[Opening COLLECTED DATA section]
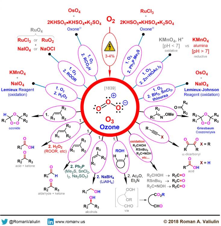 【物理性質】 無色或者淡藍色的氣體,bp–119 oC,mp –193 oC;在–80 ~ –100 oC左右,在烴類溶劑中的溶解質量分數為0.1%~0.3%。具有較強的吸收紫外線的能力,因此常在高空形成臭氧層,對地球表面的紫外線輻射起到一定的保護作用。臭氧具有刺激性的氣味,有時被描述為類似于新鮮雨后的氣味。臭氧的密度比空氣大約高一倍。
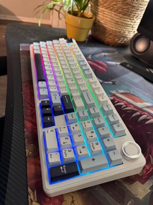 [This review was collected as part of a promotion.] I got the Aula F99 PRO Mechanical Gaming Keyboard in white and blue as part of my back to school setup, and it’s been a delight. The tri‑mode connectivity of bluetooth, 2.4 GHz wireless, and USB‑C is super flexible, though my USB‑C head arrived crushed during shipping, so I’ve only used bluetooth and wireless so far, which both work great. For charging, I used my own USB-C chargers. Typing is a whole vibe, the sound is creamy, smooth, and satisfying. That gasket mounted design plus five layers of dampening really gives it that premium “thocky” feel without being too loud. It picks up every keystroke fast and accurately, no lag, no missed letters. Battery life is great. With the RGB on, I’m getting about a week per charge, and way more with backlight off. 8000 mAh battery is no joke. It's ideal for long study sessions without worrying about charging. The RGB backlit is perfect for my dark room habits. South facing LEDs give a neat glow, bright enough to work in the dark without blasting my eyes. The white & blue color scheme matches my minimalist study space. One of my favorite features is the rotary knob. It's great for adjusting volume and lighting quickly. All in all, for those who love mechanical keyboards, this is a solid choice. My USB‑C may be busted, but bluetooth and wireless still do the job. I love its creamy sound, sleek look, and how it feels like part of my study vibe.
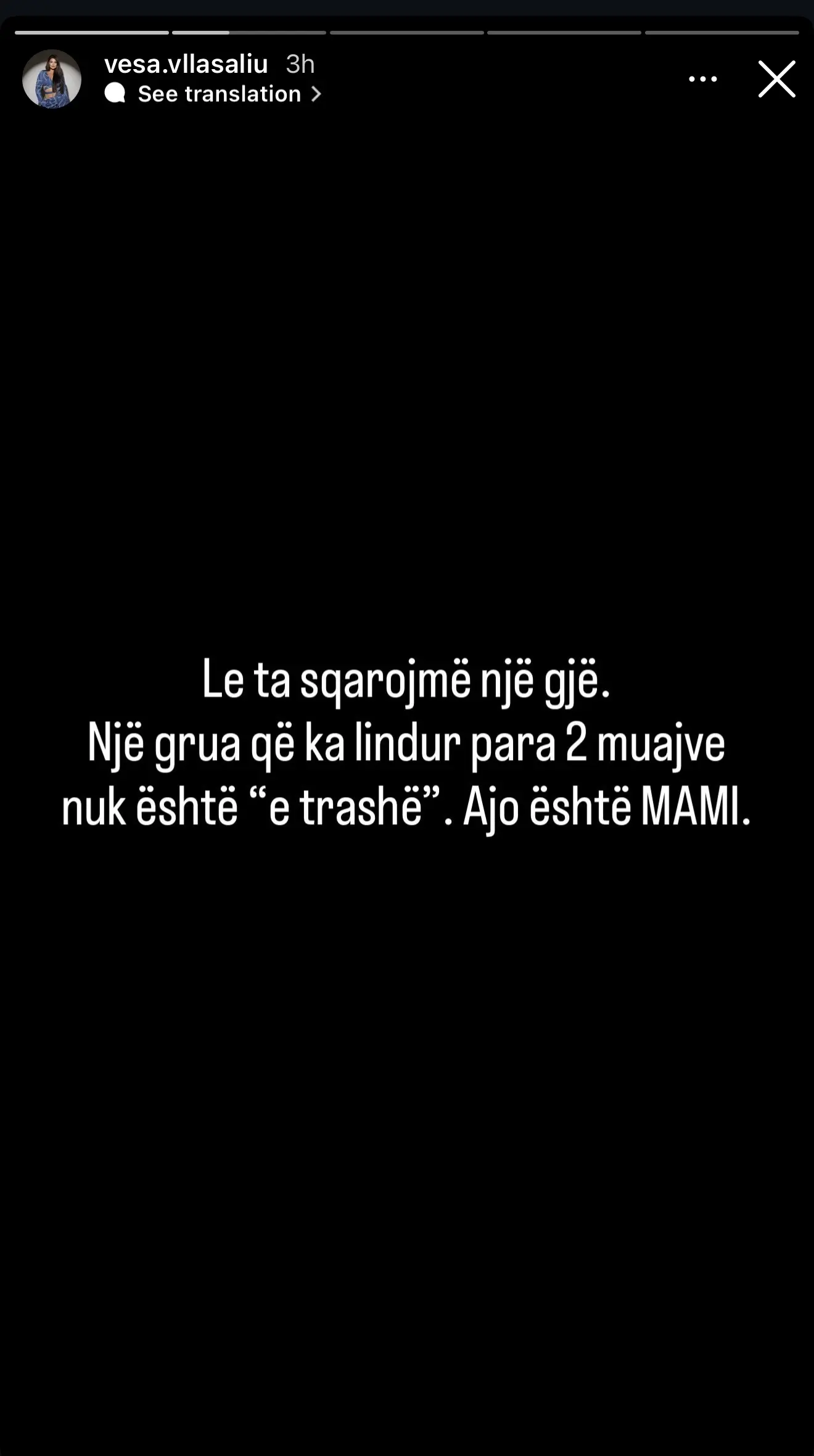 Me këtë reagim, Vesa ka arritur të sjellë një mesazh të qartë: Nënat e reja meritojnë mbështetje dhe dashuri, jo kritika. Ajo fton të gjithë të reflektojnë mbi mënyrën se si flasin dhe veprojnë ndaj njëra-tjetrës, duke krijuar një shoqëri më të mirë për të gjitha gratë.
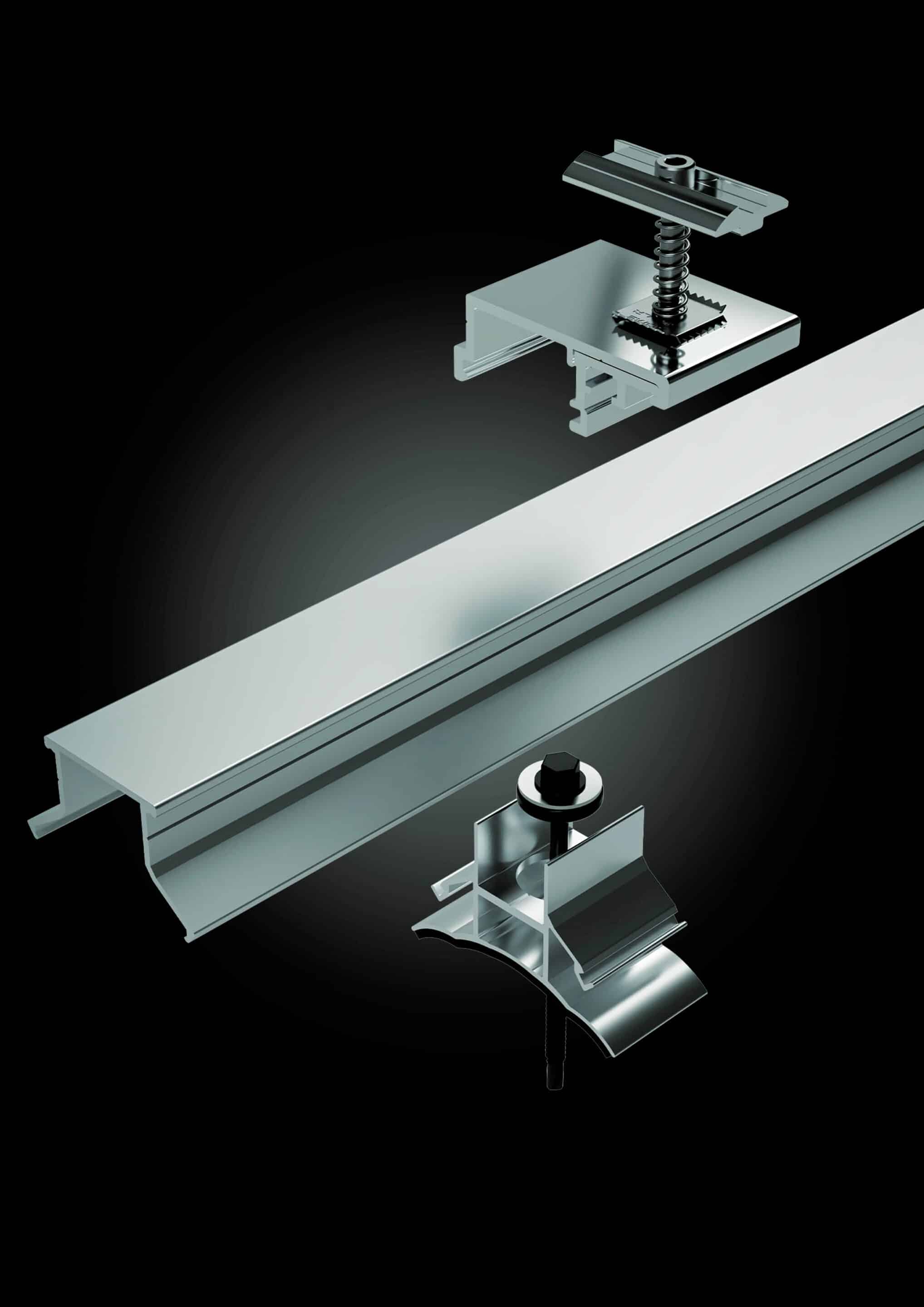 | COMPOSANTS DU SYSTÈME | Rail abouté aluminium 6060 Support de rail et éclisse aluminium 6060 + joint PVC Fixation universelle (MALT modules incluse) et fixation extérieure de finition aluminium 6060/inox Connecteur bas de générateur aluminium 6060 Connecteur Terre Rail (CTR) aluminium 6060 Connecteur Terre Module (CTM) aluminium 6060 |
[Closing COLLECTED DATA section]
WORK REQUIRED: Would you copy each line above exactly as given, dropping any images?

EXERCISE RESPONSE:
 【物理性質】 無色或者淡藍色的氣體,bp–119 oC,mp –193 oC;在–80 ~ –100 oC左右,在烴類溶劑中的溶解質量分數為0.1%~0.3%。具有較強的吸收紫外線的能力,因此常在高空形成臭氧層,對地球表面的紫外線輻射起到一定的保護作用。臭氧具有刺激性的氣味,有時被描述為類似于新鮮雨后的氣味。臭氧的密度比空氣大約高一倍。
 [This review was collected as part of a promotion.] I got the Aula F99 PRO Mechanical Gaming Keyboard in white and blue as part of my back to school setup, and it’s been a delight. The tri‑mode connectivity of bluetooth, 2.4 GHz wireless, and USB‑C is super flexible, though my USB‑C head arrived crushed during shipping, so I’ve only used bluetooth and wireless so far, which both work great. For charging, I used my own USB-C chargers. Typing is a whole vibe, the sound is creamy, smooth, and satisfying. That gasket mounted design plus five layers of dampening really gives it that premium “thocky” feel without being too loud. It picks up every keystroke fast and accurately, no lag, no missed letters. Battery life is great. With the RGB on, I’m getting about a week per charge, and way more with backlight off. 8000 mAh battery is no joke. It's ideal for long study sessions without worrying about charging. The RGB backlit is perfect for my dark room habits. South facing LEDs give a neat glow, bright enough to work in the dark without blasting my eyes. The white & blue color scheme matches my minimalist study space. One of my favorite features is the rotary knob. It's great for adjusting volume and lighting quickly. All in all, for those who love mechanical keyboards, this is a solid choice. My USB‑C may be busted, but bluetooth and wireless still do the job. I love its creamy sound, sleek look, and how it feels like part of my study vibe.
 Me këtë reagim, Vesa ka arritur të sjellë një mesazh të qartë: Nënat e reja meritojnë mbështetje dhe dashuri, jo kritika. Ajo fton të gjithë të reflektojnë mbi mënyrën se si flasin dhe veprojnë ndaj njëra-tjetrës, duke krijuar një shoqëri më të mirë për të gjitha gratë.
 | COMPOSANTS DU SYSTÈME | Rail abouté aluminium 6060 Support de rail et éclisse aluminium 6060 + joint PVC Fixation universelle (MALT modules incluse) et fixation extérieure de finition aluminium 6060/inox Connecteur bas de générateur aluminium 6060 Connecteur Terre Rail (CTR) aluminium 6060 Connecteur Terre Module (CTM) aluminium 6060 |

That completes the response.